Keywords: probability expectation multi-objective decision-making hypergeometric distribution satisfaction
Example 3: Mathematical Model of Temporary MS Supermarket Store Design for Olympic Games
abstract
Based on the statistical analysis of the survey data, the percentage and distribution law of people flow in each business circle are found out, and then MS outlets are designed, three models are established and simulated.
Regarding the first question, it is found that people of different ages have great differences in travel, catering and consumption. Therefore, according to age and gender, eight laws of audience probability distribution are summarized from three aspects: tourism, catering and consumption.
On the second question, using the principle of BP neural network, the network is divided into three levels according to age-gender-business circle-import and export, and the chain analysis is carried out from two aspects: dining habits and entering and leaving venues, and the passenger flow model under the shortest path of each venue is established. Through programming, the distribution (%) of people flow in 20 business districts is obtained: from A 1 to A 10, and the business districts are1/0.887, 7.62 1, 8.540,10.30 respectively. B 1 to B6 business district are 1 1.686, 13.932, 18.760,1.686 and/kloc-respectively. C 1 to C4 business district are 18.75, 20.9843, 18.75, 410.5157 respectively. After calculating the distribution of people flow, the symmetry theorem is summarized, that is, the people flow is obliquely symmetrical with the connecting line of the entrance and exit of the venue as the axis, and the detailed proof is given.
In the third question, the related factors of audience's purchasing desire are analyzed in detail, the mathematical expressions of purchasing desire, age and consumption amount are established, the desire matrix is obtained, and the purchasing power is calculated by fuzzy method. Then, according to the two basic constraints of meeting the shopping demand and the basic balance of distribution during the Olympic Games, a mathematical expression is established, and a nonlinear multi-objective decision-making model with profit as the objective function is established:
With Lingo programming, a reference design scheme of MS outlets is obtained: the number of large MS in the business circle from A 1 to A 10 is 3, 1, 0, 1, 3, 1, 0 1, and small MS respectively. From B 1 to B6 business district, the number of big MS is 1, 2,3, 1, 2,3, and the number of small MS is 2, 1, 1, 2, 1. From C 1 to C4 business circle, the large MS numbers are 2, 4, 2 and 1 respectively, and the small MS numbers are 2, 0, 2 and 1 respectively.

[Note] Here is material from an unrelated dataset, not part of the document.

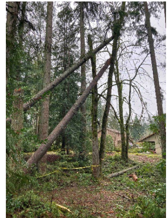
Storm-damaged fir trees leaning against maple tree the trimmer was cutting when he died.
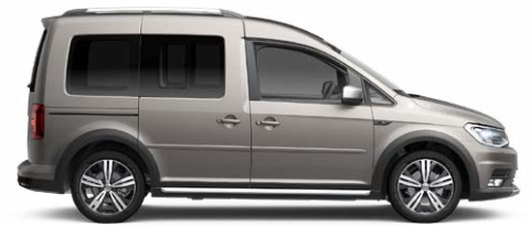
Mojave Beige Metallic

Considering the arrangement of the Olympic Games schedule, the actual flow, consumption and profit will change with time. In order to further optimize the network design scheme, according to the principle of system dynamics, the traffic and profit model is systematically simulated by computer based on Venple5.3 technology, and the model is tested and evaluated by mode adjustment, thus verifying the rationality, scientificity and practicability of the model.
Finally, some suggestions are put forward for the economic income, tourism and hardware construction of Beijing 2008 Olympic Games.
Key words: probability, flow of people, symmetry, desire matrix, multi-objective decision-making system, dynamic system simulation.
Example 4: Comprehensive Evaluation and Predictive Control of Yangtze River Water Quality
abstract
Based on the statistical analysis of the survey data, the water quality of the Yangtze River in recent two years was comprehensively evaluated, the main areas of permanganate and ammonia nitrogen pollution sources were found out, the water pollution in the future 10 was predicted, the control scheme was put forward, and a series of scientific anti-pollution suggestions were given.
Firstly, the water quality of the main monitoring sections in the Yangtze River basin in recent two years 17 was sampled, and the statistics were made according to the order of temporal and spatial interaction, and a probabilistic statistical evaluation model was established. The results show that from 2003 to 2005, 85% of the Yangtze River sections met the requirements of Class I-III water quality, 12% belonged to Class IV and V water quality, and 3% was worse than Class V water quality. In recent two years, the local water quality of the Yangtze River has changed greatly, and the whole is relatively stable, but the high-quality water is declining and the water quality exceeding the standard is on the rise. In order to find the pollution source, we take seven sections of the main stream of the Yangtze River as the basic observation points, and establish the pollution source feedback index according to the water flow, water flow speed and degradation coefficient:
Through calculation, it is found that the permanganate pollution in Nanjing, Jiangsu Province and Yueyang, Hunan Province is the most serious, and Yueyang, Hunan Province is also the main area of ammonia nitrogen pollution, followed by Anqing, Anhui Province and Nanjing, Jiangsu Province, but there is a big difference compared with the same period last year.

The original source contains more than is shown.